From that 682MW, CALSSA estimates that about 50% of the SGIP batteries were cycled during those evening peaks, with 50% held in reserve for backup – which means about 341MW of power came from them during the 4pm to 9pm peaks.

CALSSA pointed out that this was a greater peak management contribution than would be expected from a mid-sized natural gas power plant.

These dispatches also have a strong environmental benefit. Fossil fuel peaker plants have been, and continue to be, the main go-to technology to ride out these tight margin calls on the electric system. Increased use of batteries and other clean technologies obviously erodes the need for peakers, and prevents the next worst case scenario, which is where grid operators have to enforce rolling blackouts in the absence of enough capacity.

As we saw the other day looking at utility-scale storage, it’s a very different story from August 2020’s previous heatwave and resulting energy supply challenges. Back then, around 30,000 distributed battery systems representing 500MW of power were installed. More than 50,000 customers have since added the next 400MW in just two years.

“The biggest battery in the world is located in garages around California and they are helping keep the lights on for everyone. While it goes largely unrecognised by utilities and grid operators, these consumer investments in clean energy played a crucial role during this week’s heat wave helping keep the lights on not just for the homeowners and businesses who made the investment but for everyone,” CALSSA executive director Bernadette Del Chiaro said, likening solar PV and storage homes and businesses to “Flex Alert superheroes”.
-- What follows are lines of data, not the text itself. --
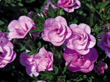 碧冬茄 | 是一个杂交种,花的颜色多变,有白色和紫色,花冠有各式脉纹,世界各国普遍引种,中国各城市公园中多有栽培;一年生草本,有腺毛,叶卵形,全缘,花单生叶腋,花萼5深裂,花冠漏斗状,筒部向上渐扩大,檐部开展,有折壁,蒴果2瓣裂,每瓣顶端又2浅裂。 | |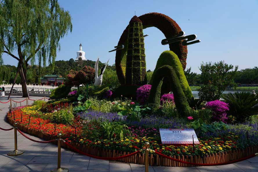 在北海公园,一组以延安宝塔为主景的花坛已在南门广场亮相。花坛名为“继往开来”,在一轮红日的光辉映衬下,与水面白塔红墙美景相互融合。近景处布置立体荷花、仙鹤造型,采用荷花、凤仙等应季花卉。展现祖国风华正茂、人民生活富足,如旭日东升般蒸蒸日上,一派喜庆祥和的气氛。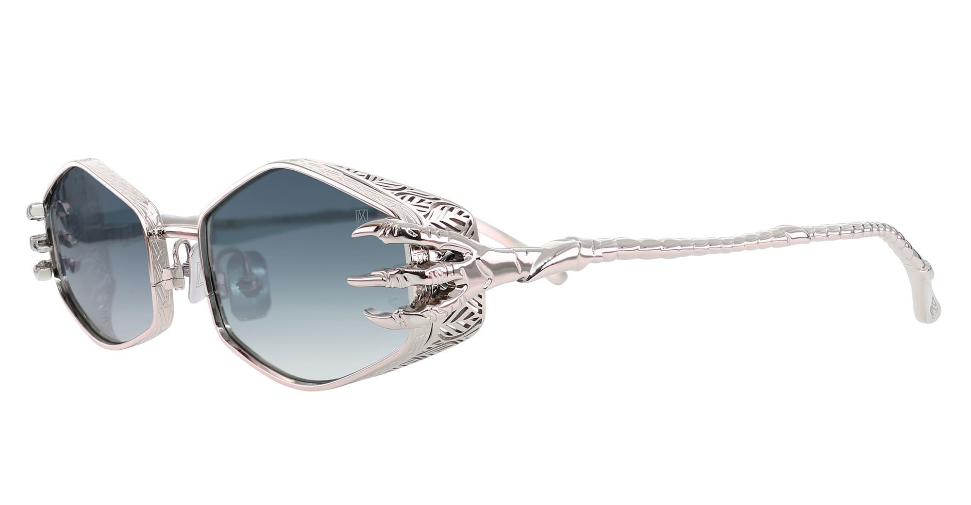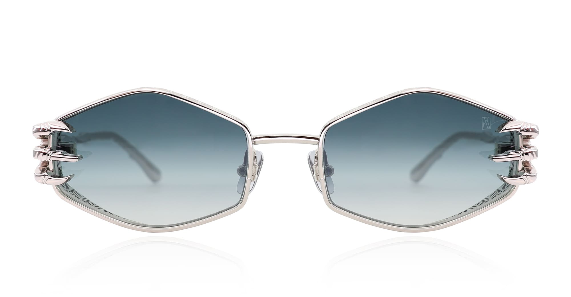 Anna-Karin Karlsson CLAW PLUME - WHITE GOLD (S252-8802) are luxurious, feminine hexagonal sunglasses, part of the exclusive Anna-Karin Karlsson eyewear collection. They feature white gold-plated titanium structure with claw detail, custom nose pads, titanium temples with intricated details, radient blue Zeiss lens engraved with AKK logo and 100% UV protection.

Economic imperative for doing things smarter, and cleaner

CALSSA also noted that California’s utilities were forced to buy US$450 million of electricity on the spot market in just one day during last week’s events, arguing that US$450 million spent on consumer battery storage would instead be an investment in a grid resource which could be relied on for 10 to 15 years.

Similarly, Stem, which provides smart AI-enabled battery storage to commercial and industrial (C&I) customers, said that its virtual power plant of aggregated systems in California dispatched about 86MW/268MWh to the grid during the five-hour Flex Alert on 6 September.

Stem installs battery systems that cut down a business or industrial facility’s electricity use at peak times, and also enrols them into available grid services programmes. The company then effectively shares the revenues from those programmes as well as the electricity cost savings with the customer.

Another company, AutoGrid, integrates various distributed energy resources (DERs) into its VPPs around the world with its software platform. That includes demand response, smart thermostats, solar PV, energy storage, EVs and C&I electric loads like microgrids.

AutoGrid senior VP Rahul Kar said in the company’s blog last week that the fleet of California DERs it manages responded to 104 events during the heatwave’s peak demand periods. In the end, what saved much of the grid was the efforts of Californians to turn down their power use after requests from utilities and then a text message from California Governor Gavin Newsom.

However, Kar said, unlike most Californians, AutoGrid customers were “compensated very well for the action they take”.

“While the public’s response to that plea (from Newsom) is commendable, there are better ways to do this – that too using clean energy resources,” Kar wrote.